Berthel has been the State Senator for the 32nd Senate District since 2017, representing part of the Naugatuck River Valley and Litchfield County in the Connecticut Senate, including the towns of Bethlehem, Bridgewater, Middlebury (part), Oxford, Roxbury, Seymour (part), Southbury, Washington, Watertown, and Woodbury.

Berthel considered a run for the open congressional seat in Connecticut's 5th congressional district in 2018, but ultimately decided not to run, instead seeking reelection to the state Senate.

In September 2020, Berthel's car was photographed with a window sticker supporting QAnon, a right-wing movement promoting baseless conspiracy theories. After the sticker came to attention on social media, Berthel initially defended the QAnon conspiracy theory by contending that it has "inspired more people to participate in policy and government." Later that month, Berthel apologized, saying, "My failure to look into the movement more deeply, which I take full responsibility for, led me to overlook the extreme views of the movement which I don't subscribe to and find abhorrent.

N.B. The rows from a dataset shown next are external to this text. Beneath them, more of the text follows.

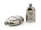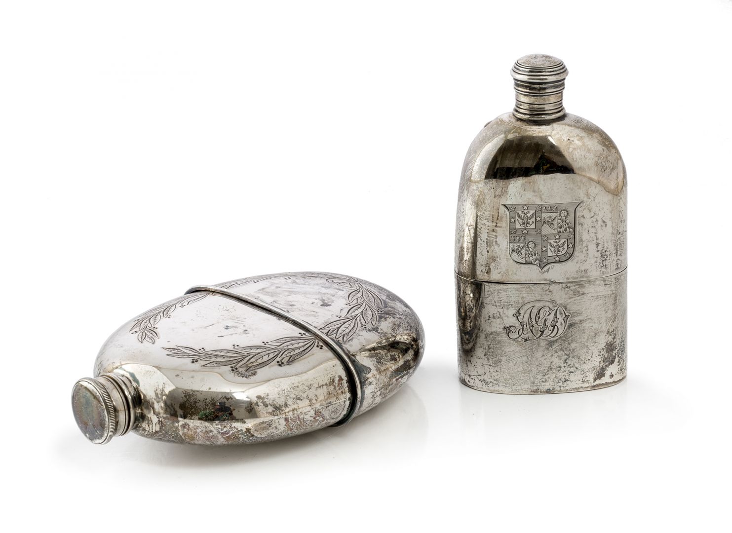 DUE FIASCHE IN ARGENTO una di forma ovale con disegno di inciso l'altra a...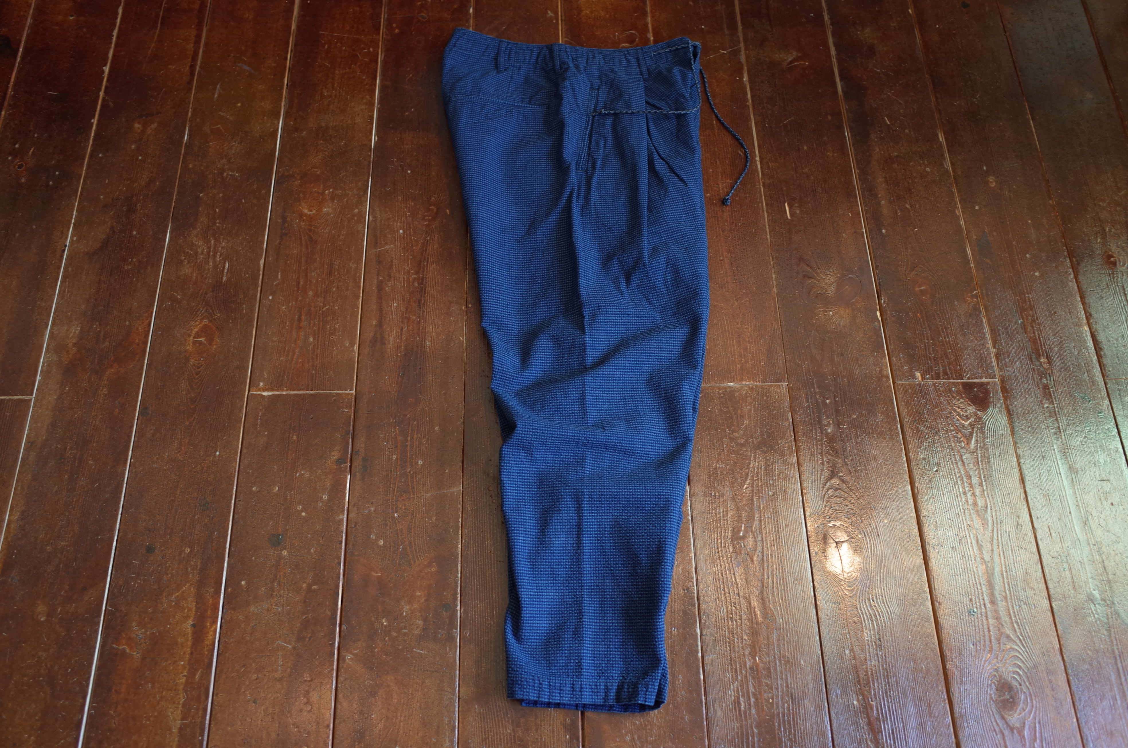 ウインドウブレイカー調、裾のドローコードまでインディゴ、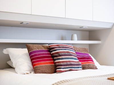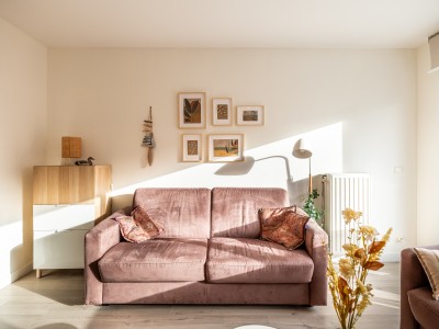 • Chambre à coucher : lit double (sommier 160x200), canapé-lit 2 pers (140x200) dans le séjour, 2 couettes doubles.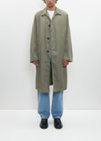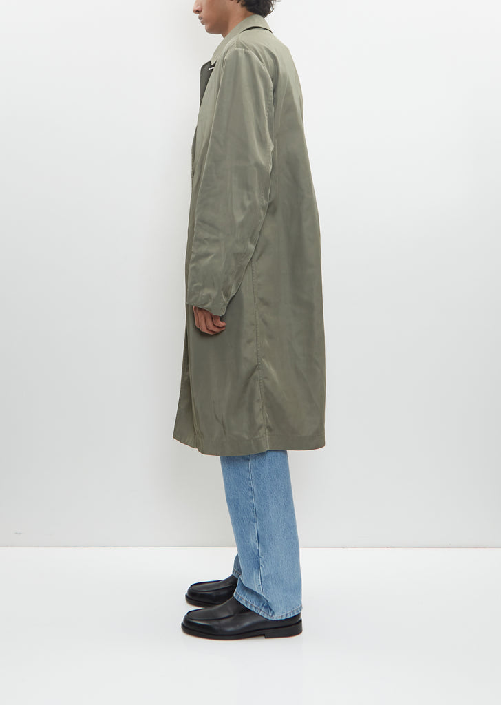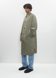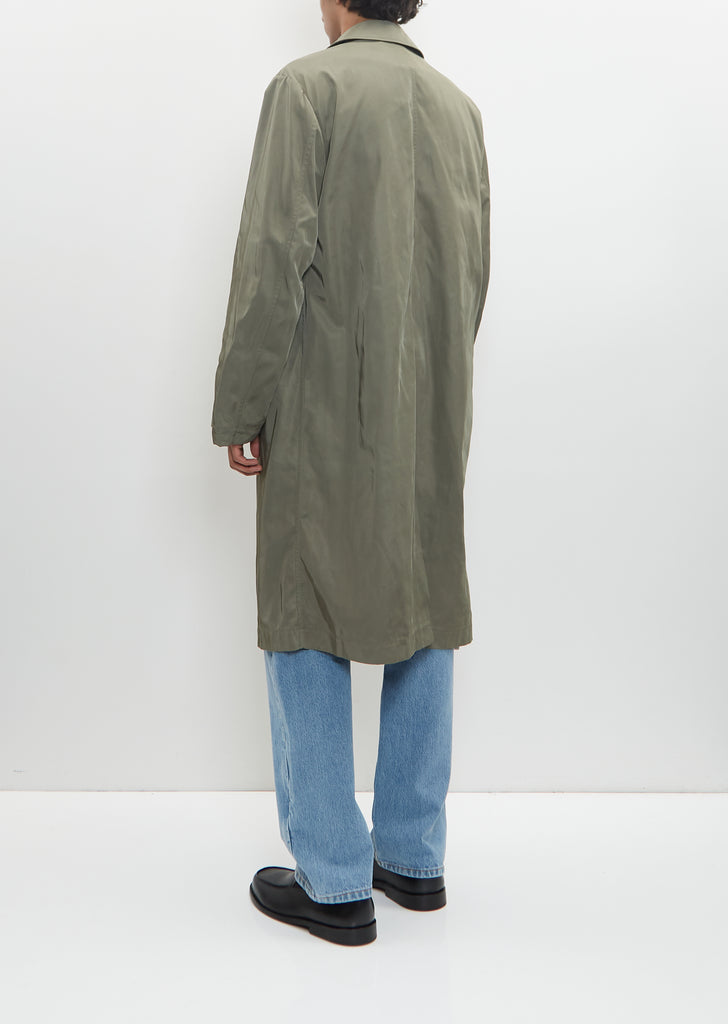 Dries Van Noten khaki coat with spread collar and black horn-hued button front in water repellant fabric. Features set-in shoulders, side welt pockets, vent at back, and an interior buttoned welt pocket. Straight silhouette with relaxed fit. Fully lined in self.

It was my lack of fully understanding this movement that led me to put these words on my car for which I deeply regret." Berthel's Democratic opponent Jeff Desmarais called Berthel's conduct "disqualifying" but Berthel nevertheless won a third term in the November 2020 election.

Berthel has introduced legislation calling for the reintroduction of bear hunting in Connecticut.

== Personal life ==
Berthel and his wife, Krista, have two sons named Matthew and Paul and have lived in Watertown, Connecticut since 1998.